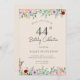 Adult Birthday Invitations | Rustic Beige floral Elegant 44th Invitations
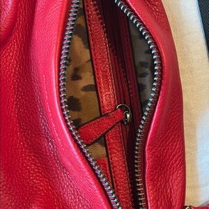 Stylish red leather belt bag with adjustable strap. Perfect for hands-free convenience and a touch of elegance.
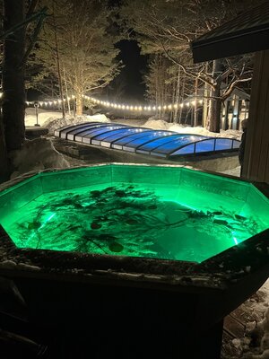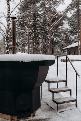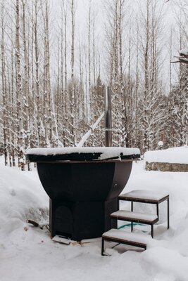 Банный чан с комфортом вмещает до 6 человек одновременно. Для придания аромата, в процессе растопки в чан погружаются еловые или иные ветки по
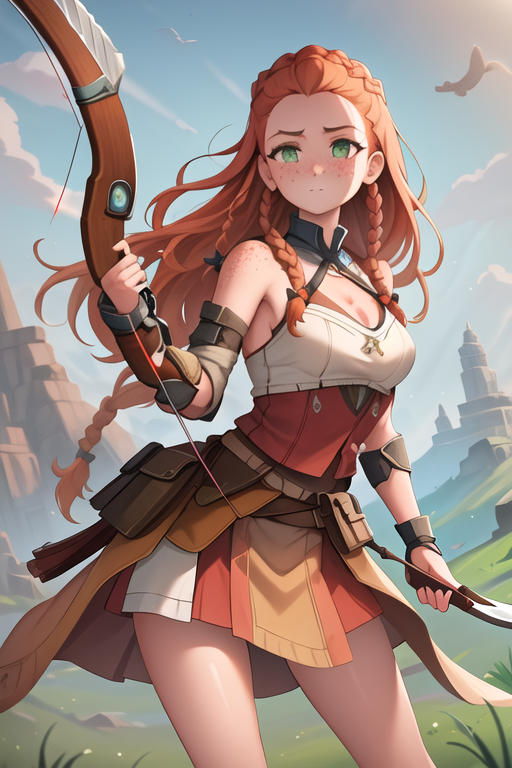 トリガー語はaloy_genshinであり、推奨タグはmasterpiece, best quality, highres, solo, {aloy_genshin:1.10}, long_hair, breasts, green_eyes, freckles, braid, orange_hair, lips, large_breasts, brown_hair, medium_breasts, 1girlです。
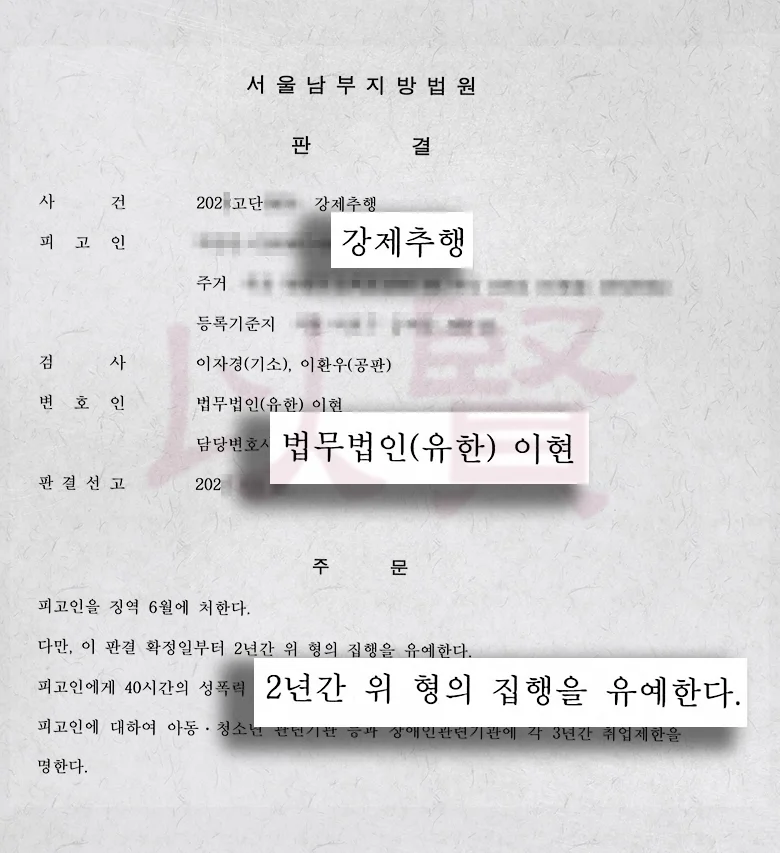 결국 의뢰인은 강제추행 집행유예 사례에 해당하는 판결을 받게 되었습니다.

* * *

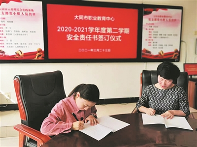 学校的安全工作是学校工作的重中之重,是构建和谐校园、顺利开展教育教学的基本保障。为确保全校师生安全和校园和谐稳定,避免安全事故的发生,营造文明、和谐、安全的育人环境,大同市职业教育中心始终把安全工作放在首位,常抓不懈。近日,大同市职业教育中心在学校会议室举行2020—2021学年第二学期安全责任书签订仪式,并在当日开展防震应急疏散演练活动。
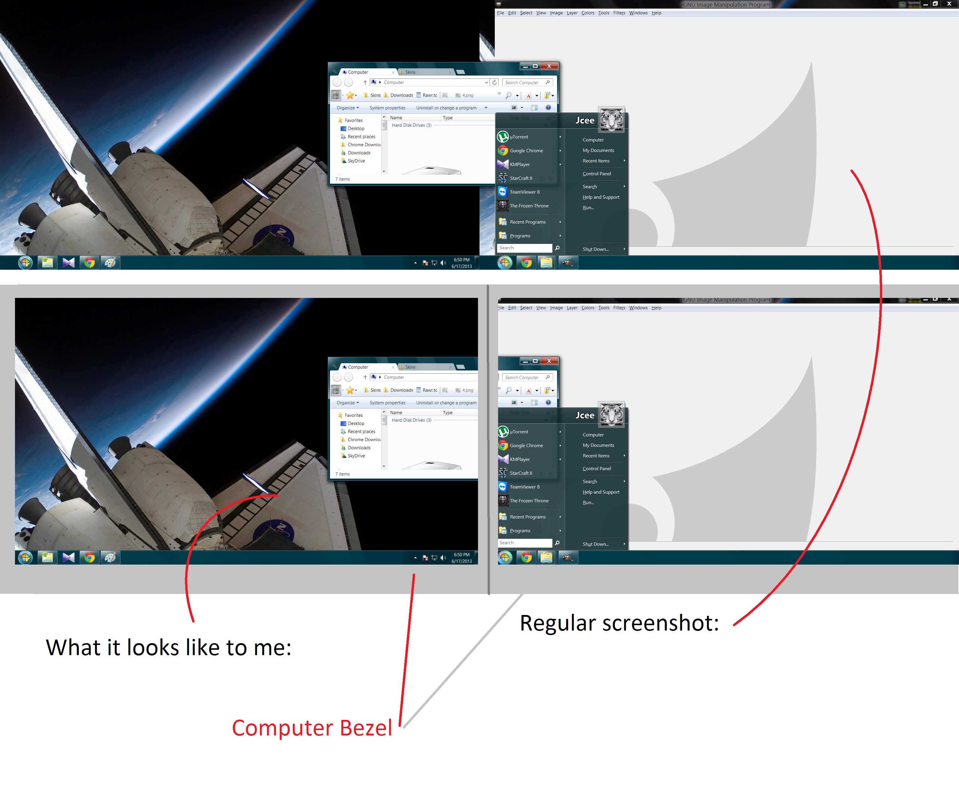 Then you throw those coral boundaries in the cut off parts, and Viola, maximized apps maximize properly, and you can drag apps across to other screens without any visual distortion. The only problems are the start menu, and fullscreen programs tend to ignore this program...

--

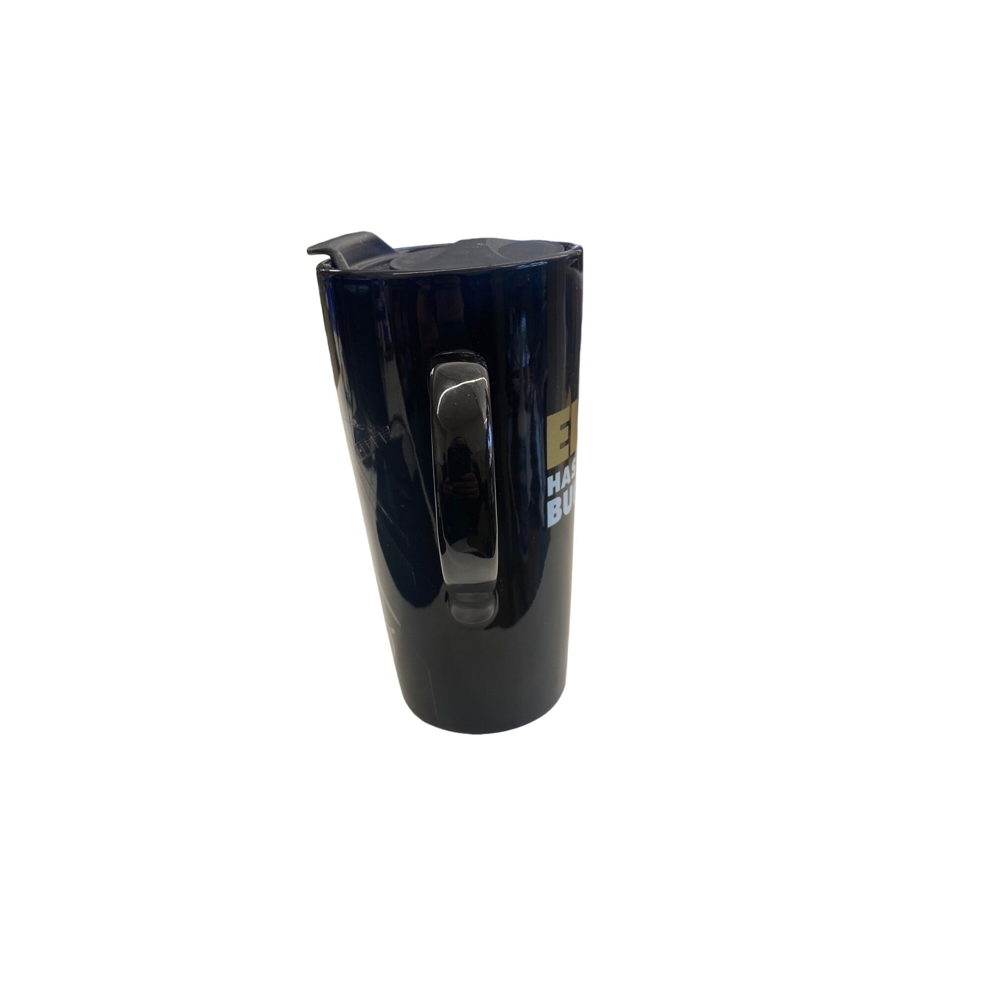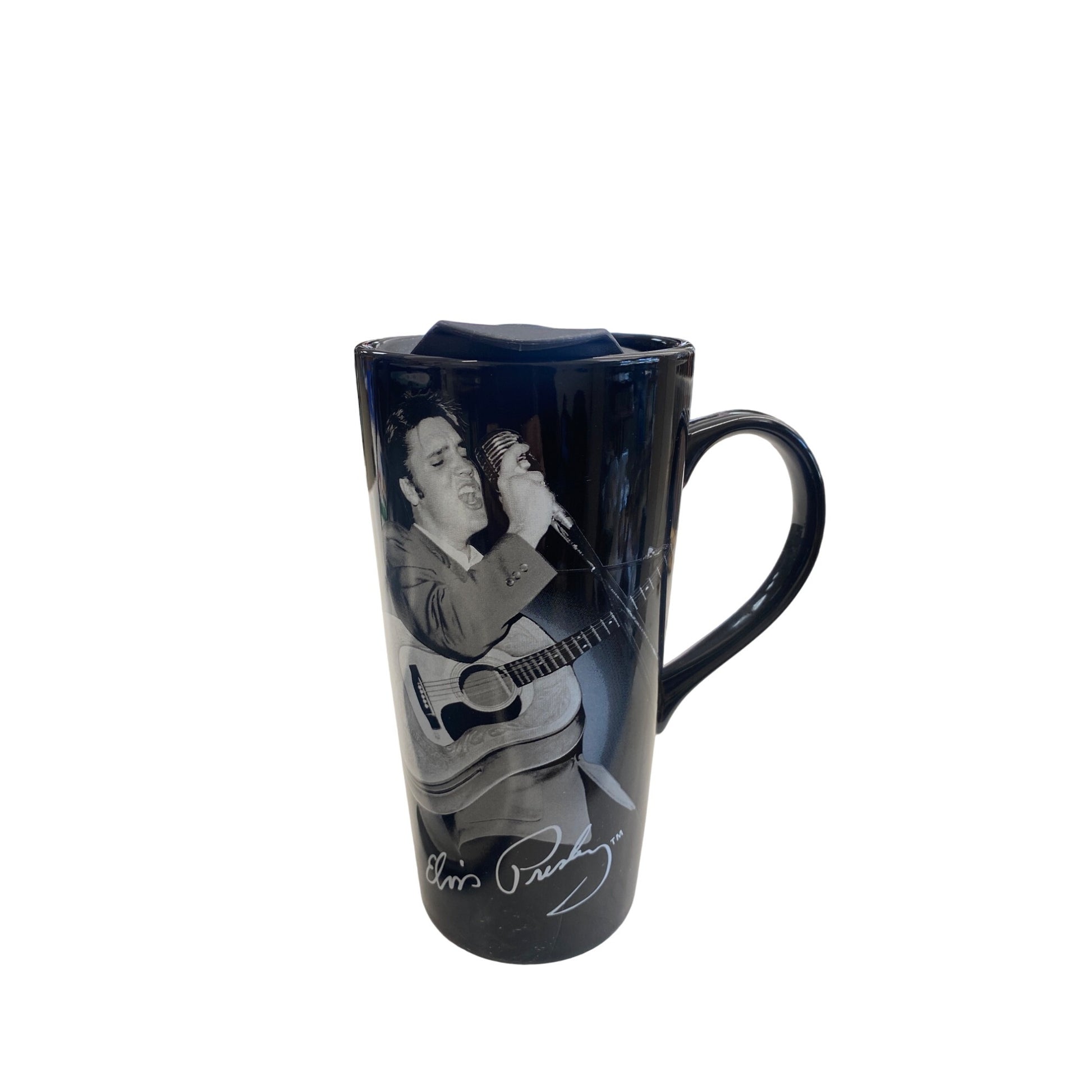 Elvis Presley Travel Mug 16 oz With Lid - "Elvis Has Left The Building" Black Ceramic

### Your instructions:
Word for word, retype the lines in the entries above that run from the one with "Stylish red leather" through the one with "Банный чан с". Both ends count; pictures do not.

### Output below:
 Stylish red leather belt bag with adjustable strap. Perfect for hands-free convenience and a touch of elegance.
 Банный чан с комфортом вмещает до 6 человек одновременно. Для придания аромата, в процессе растопки в чан погружаются еловые или иные ветки по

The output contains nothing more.